Entries supplied:
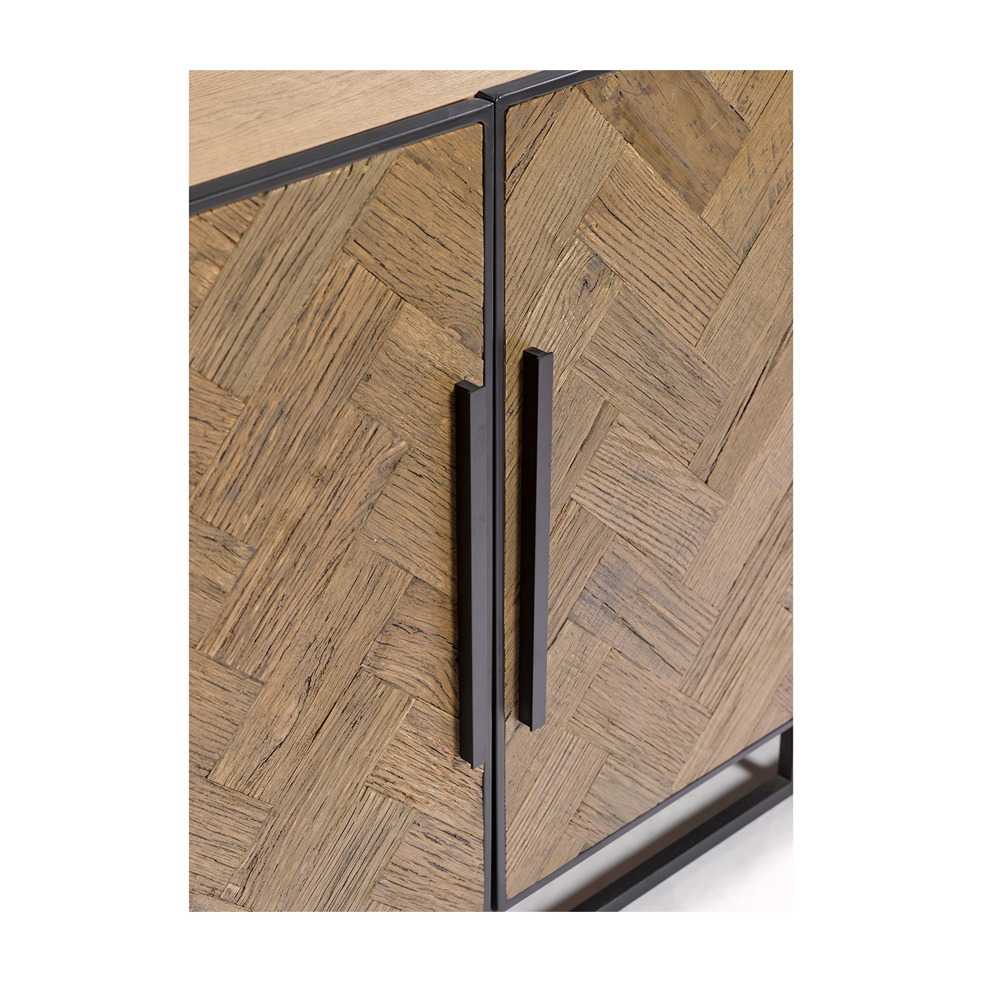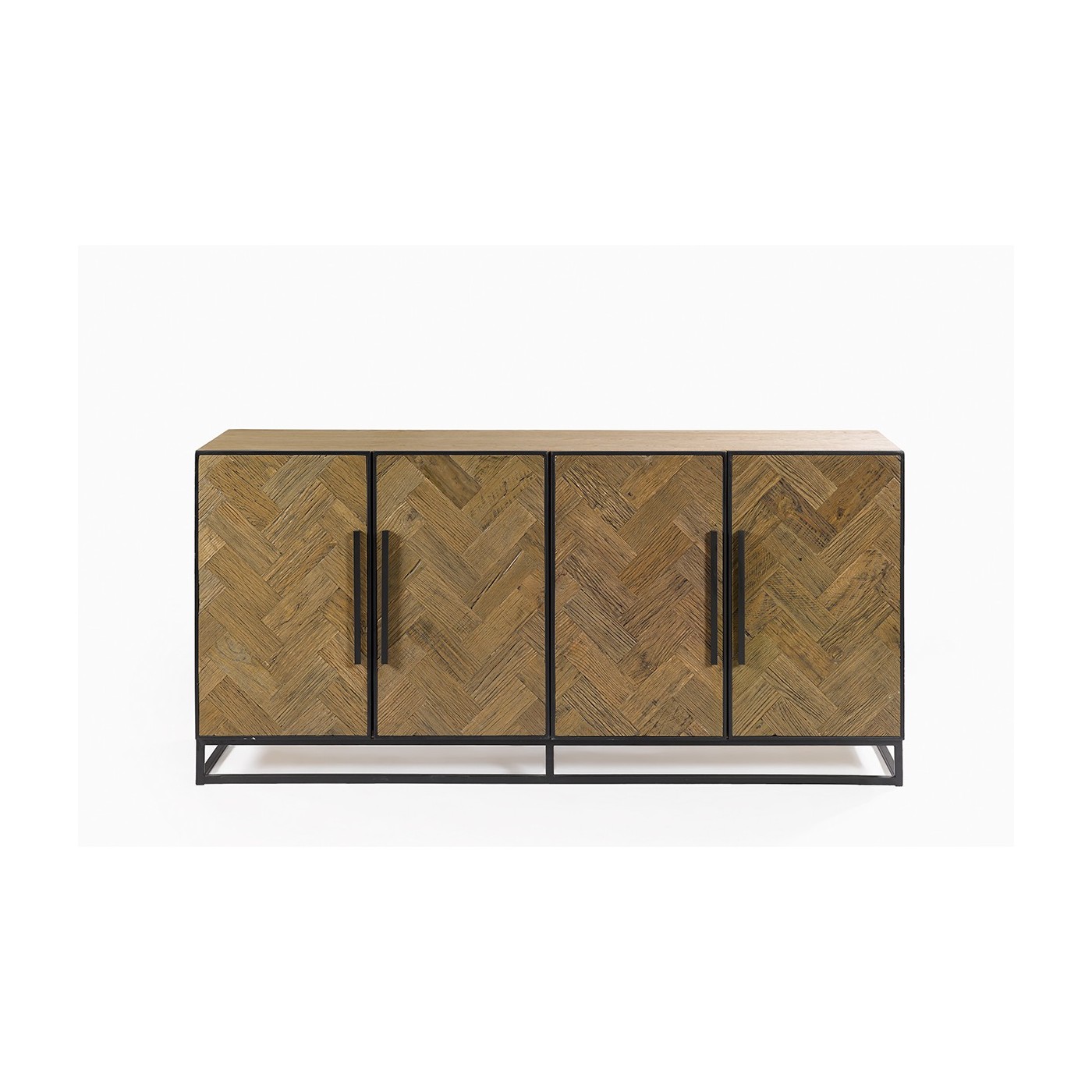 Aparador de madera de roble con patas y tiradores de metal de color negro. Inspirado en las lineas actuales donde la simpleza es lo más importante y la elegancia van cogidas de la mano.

--

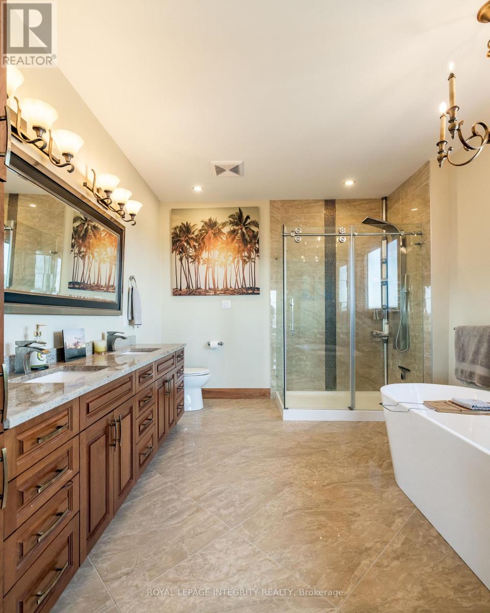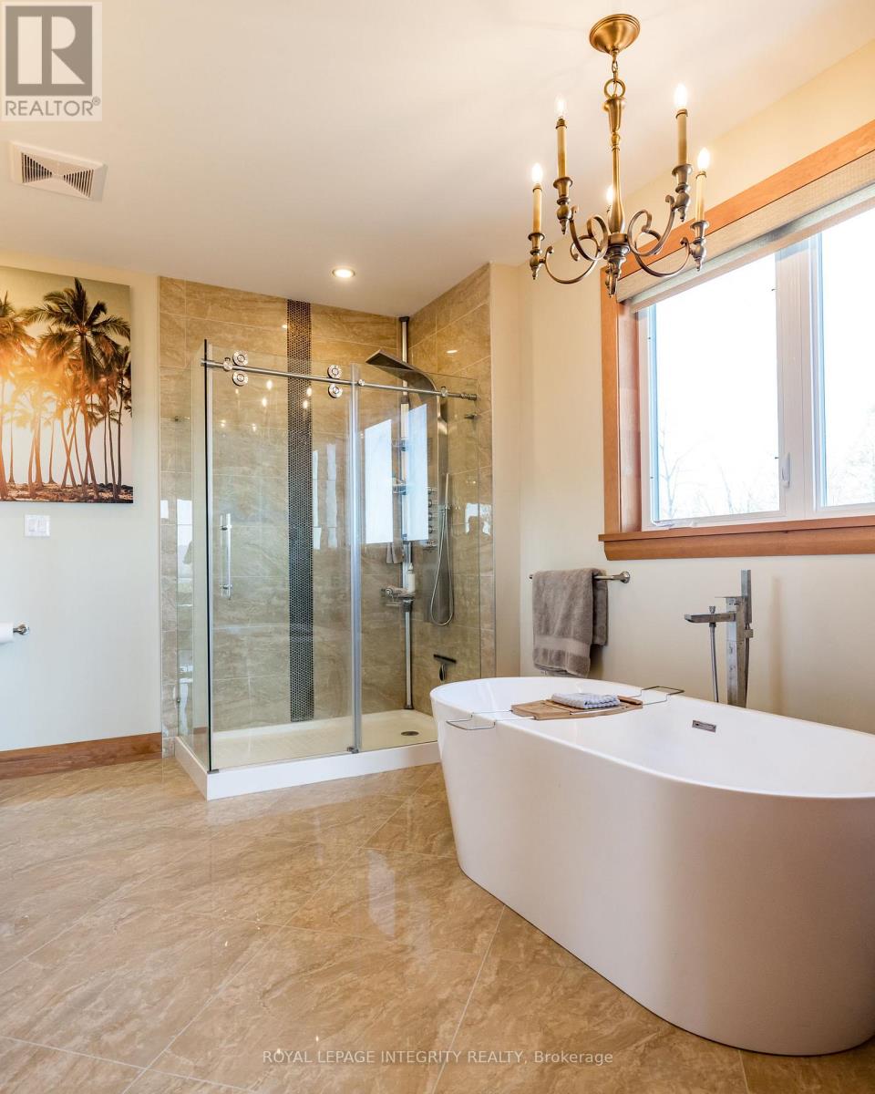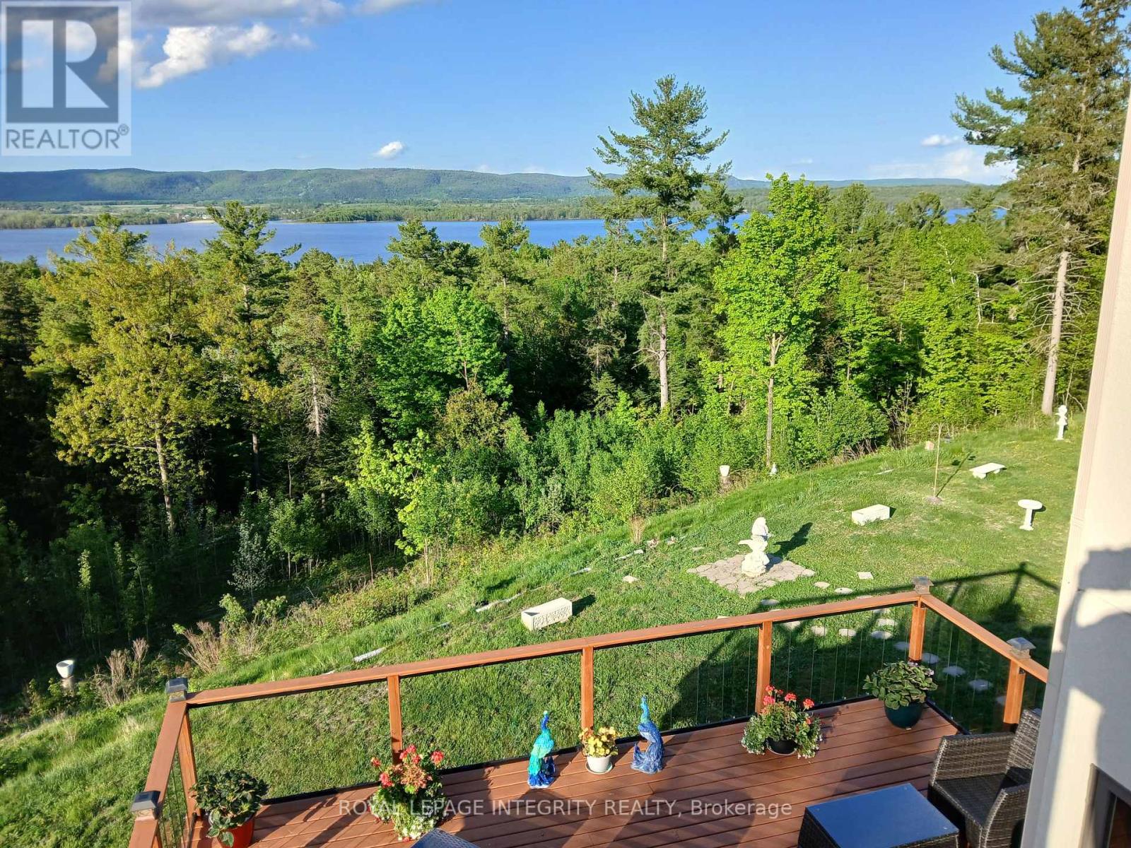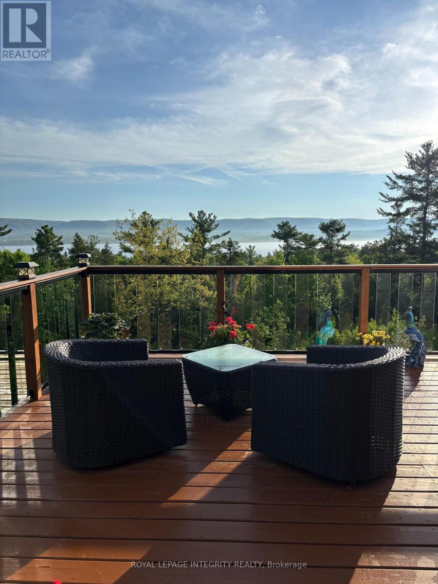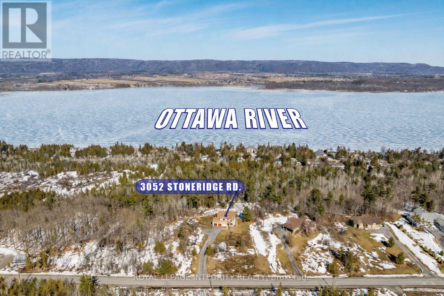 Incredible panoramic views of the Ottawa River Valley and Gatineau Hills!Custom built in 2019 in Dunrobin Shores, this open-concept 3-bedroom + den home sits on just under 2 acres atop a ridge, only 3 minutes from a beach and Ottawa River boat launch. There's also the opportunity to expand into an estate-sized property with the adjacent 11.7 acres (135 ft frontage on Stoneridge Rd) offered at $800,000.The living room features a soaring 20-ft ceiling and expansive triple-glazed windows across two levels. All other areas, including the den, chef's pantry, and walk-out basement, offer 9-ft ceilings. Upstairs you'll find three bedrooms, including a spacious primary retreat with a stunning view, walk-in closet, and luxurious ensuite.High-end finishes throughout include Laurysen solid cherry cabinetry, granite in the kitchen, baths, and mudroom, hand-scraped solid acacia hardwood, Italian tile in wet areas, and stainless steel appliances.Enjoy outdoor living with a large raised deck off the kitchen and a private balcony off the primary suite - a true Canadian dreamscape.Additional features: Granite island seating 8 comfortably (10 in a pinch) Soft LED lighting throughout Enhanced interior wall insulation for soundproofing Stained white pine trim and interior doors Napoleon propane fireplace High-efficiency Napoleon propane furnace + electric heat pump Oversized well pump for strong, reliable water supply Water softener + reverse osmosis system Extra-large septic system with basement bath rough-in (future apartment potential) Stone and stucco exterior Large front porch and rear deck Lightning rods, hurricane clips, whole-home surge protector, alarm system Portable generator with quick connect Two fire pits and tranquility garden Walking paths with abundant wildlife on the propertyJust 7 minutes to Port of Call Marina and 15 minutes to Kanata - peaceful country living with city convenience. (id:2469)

* * *

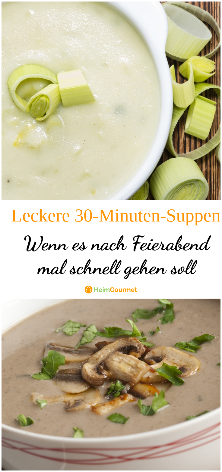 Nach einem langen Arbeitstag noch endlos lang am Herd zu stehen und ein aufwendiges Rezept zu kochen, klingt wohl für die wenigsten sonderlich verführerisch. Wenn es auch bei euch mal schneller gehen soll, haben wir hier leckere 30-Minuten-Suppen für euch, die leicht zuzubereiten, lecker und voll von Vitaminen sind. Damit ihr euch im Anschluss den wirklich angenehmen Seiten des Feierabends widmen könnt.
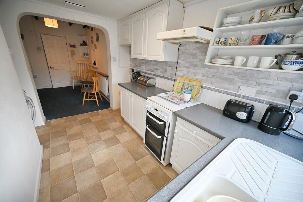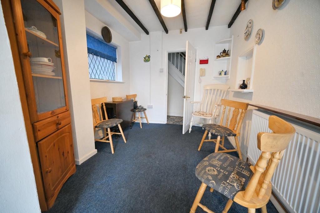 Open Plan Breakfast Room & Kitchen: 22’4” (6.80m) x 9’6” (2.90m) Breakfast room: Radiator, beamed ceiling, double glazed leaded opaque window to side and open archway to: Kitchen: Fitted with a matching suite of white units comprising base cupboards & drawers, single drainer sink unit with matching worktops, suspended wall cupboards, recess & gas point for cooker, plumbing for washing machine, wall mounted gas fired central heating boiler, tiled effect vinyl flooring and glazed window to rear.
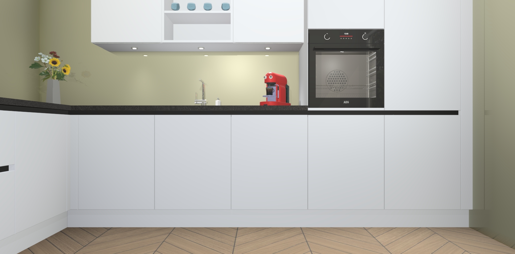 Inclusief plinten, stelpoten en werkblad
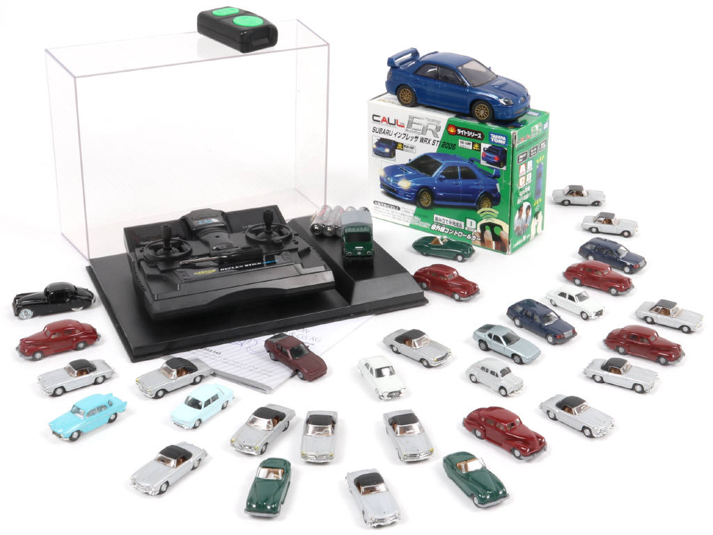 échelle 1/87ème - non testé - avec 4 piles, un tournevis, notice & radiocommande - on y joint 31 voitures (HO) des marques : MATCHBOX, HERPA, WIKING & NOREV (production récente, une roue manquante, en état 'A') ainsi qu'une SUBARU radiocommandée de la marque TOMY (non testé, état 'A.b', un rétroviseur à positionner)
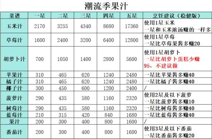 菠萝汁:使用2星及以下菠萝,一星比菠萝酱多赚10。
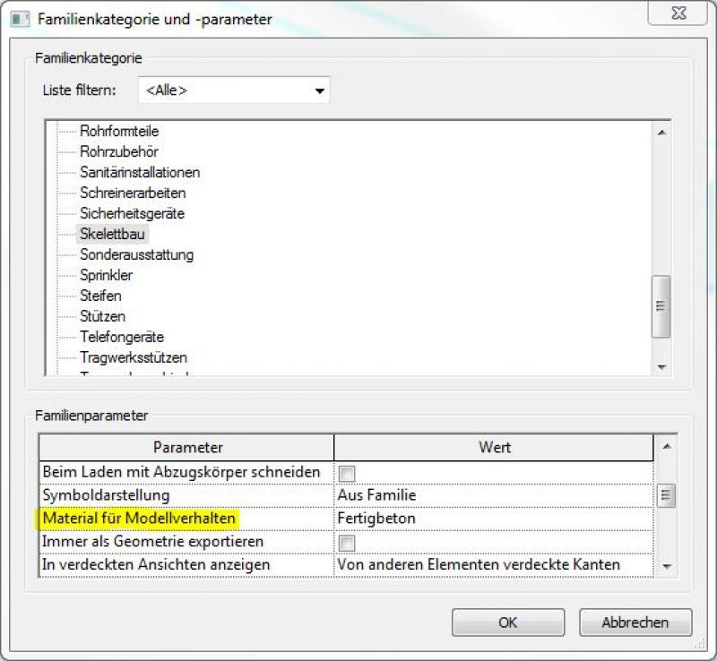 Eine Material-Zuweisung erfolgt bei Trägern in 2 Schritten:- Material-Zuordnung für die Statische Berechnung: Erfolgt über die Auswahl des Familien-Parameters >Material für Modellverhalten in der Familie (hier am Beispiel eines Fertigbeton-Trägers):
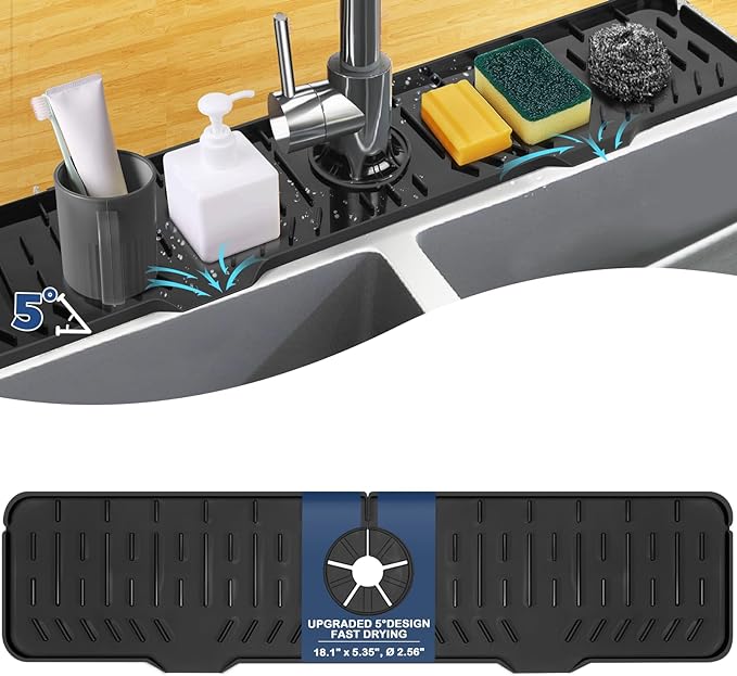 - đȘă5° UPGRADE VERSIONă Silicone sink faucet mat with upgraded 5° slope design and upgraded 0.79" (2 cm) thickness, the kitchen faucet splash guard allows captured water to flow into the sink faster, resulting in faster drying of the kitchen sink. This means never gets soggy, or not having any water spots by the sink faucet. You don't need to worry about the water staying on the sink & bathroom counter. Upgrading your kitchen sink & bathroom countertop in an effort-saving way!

What is required: The result should be an exact copy of only the lines above from the one that holds "Inclusief plinten, stelpoten en werkblad" through the one that holds "- đȘă5° UPGRADE", both ends included, without pictures.

Worked solution:
 Inclusief plinten, stelpoten en werkblad
 échelle 1/87ème - non testé - avec 4 piles, un tournevis, notice & radiocommande - on y joint 31 voitures (HO) des marques : MATCHBOX, HERPA, WIKING & NOREV (production récente, une roue manquante, en état 'A') ainsi qu'une SUBARU radiocommandée de la marque TOMY (non testé, état 'A.b', un rétroviseur à positionner)
 菠萝汁:使用2星及以下菠萝,一星比菠萝酱多赚10。
 Eine Material-Zuweisung erfolgt bei Trägern in 2 Schritten:- Material-Zuordnung für die Statische Berechnung: Erfolgt über die Auswahl des Familien-Parameters >Material für Modellverhalten in der Familie (hier am Beispiel eines Fertigbeton-Trägers):
 - đȘă5° UPGRADE VERSIONă Silicone sink faucet mat with upgraded 5° slope design and upgraded 0.79" (2 cm) thickness, the kitchen faucet splash guard allows captured water to flow into the sink faster, resulting in faster drying of the kitchen sink. This means never gets soggy, or not having any water spots by the sink faucet. You don't need to worry about the water staying on the sink & bathroom counter. Upgrading your kitchen sink & bathroom countertop in an effort-saving way!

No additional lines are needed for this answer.